PROBLEM DESCRIPTION. Exactly the lines from the one containing "风险偏好下行,避险情绪释放。" through the end of the listing below are required, restated word for word and without pictures.

DATASET EXCERPT.
##########

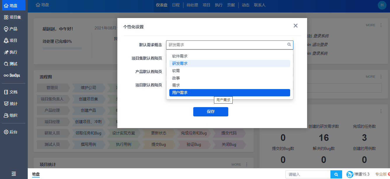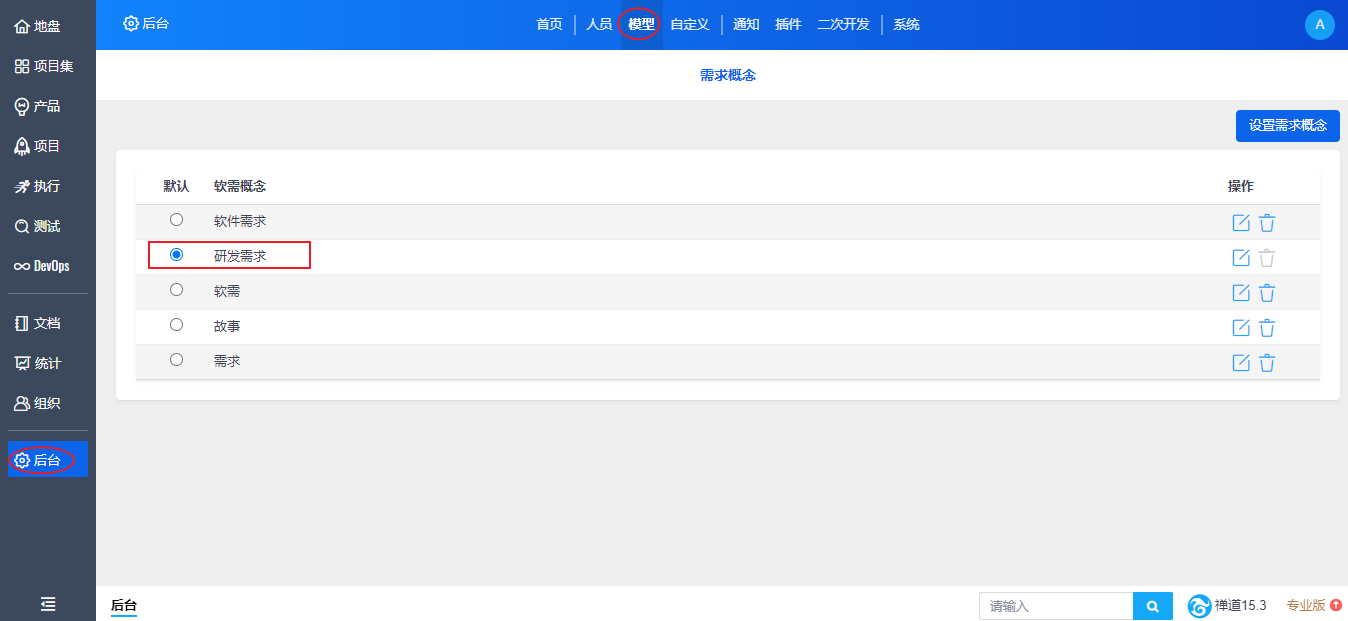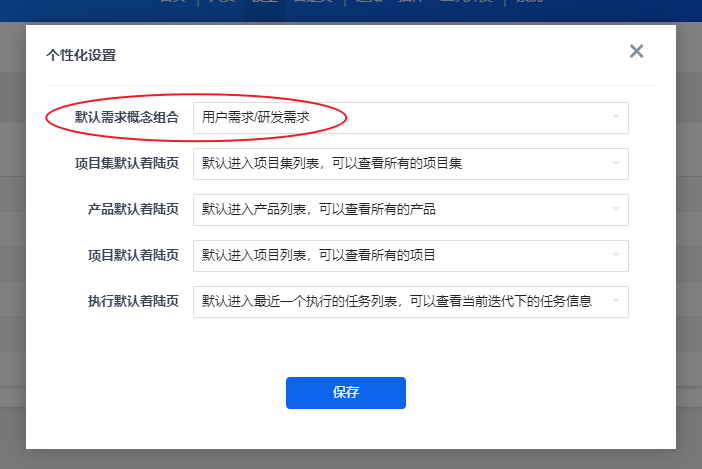 如果用户没有在“个性化设置”下对需求概念进行设置,那么将默认使用“研发需求”的概念。
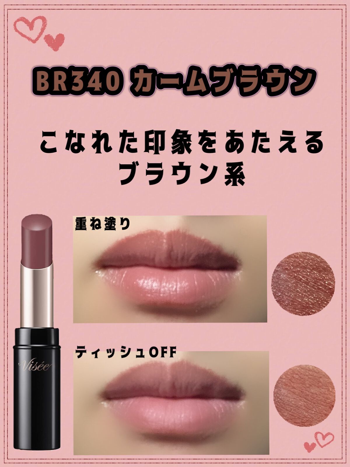 直塗りしても、まるでフィンガーブラシやシリコンブラシでぼかしたかのような仕上がりになるのがお気に入り! BR340カームブラウンは、ぬくもりを感じる肌なじみのよいピンク系ブラウン。じんわりと唇を染めたような透け感でほわっと色づきます。 マットリップなのにしっとり感が続きパサつきや荒れ感が出にくいのが嬉しいです。
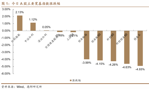 风险偏好下行,避险情绪释放。今日A股市场高开后即开启调整,上证指数收盘报3865.23点,下跌0.62%;深证成指报12895.11点,下跌2.54%;科创50收盘报1410.30点,下跌4.26%;创业板指收盘报2955.98点,下跌3.99%,失守3000点整数关口,收盘价低于昨日最低点。全市场成交额2.60万亿,较前一交易日(2.37万亿)放量9.4%;市场合计1733只股票上涨,3547只股票下跌。
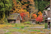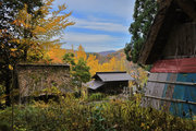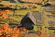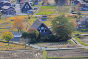 城跡から俯瞰する集落景観は、四季折々、この上なく美しい。特に、近景の和田家(重文)と、その東側、田園の中にぽつんと佇む作業小屋が秀逸である。

##########

ANSWER TO THIS TASK.
 风险偏好下行,避险情绪释放。今日A股市场高开后即开启调整,上证指数收盘报3865.23点,下跌0.62%;深证成指报12895.11点,下跌2.54%;科创50收盘报1410.30点,下跌4.26%;创业板指收盘报2955.98点,下跌3.99%,失守3000点整数关口,收盘价低于昨日最低点。全市场成交额2.60万亿,较前一交易日(2.37万亿)放量9.4%;市场合计1733只股票上涨,3547只股票下跌。
 城跡から俯瞰する集落景観は、四季折々、この上なく美しい。特に、近景の和田家(重文)と、その東側、田園の中にぽつんと佇む作業小屋が秀逸である。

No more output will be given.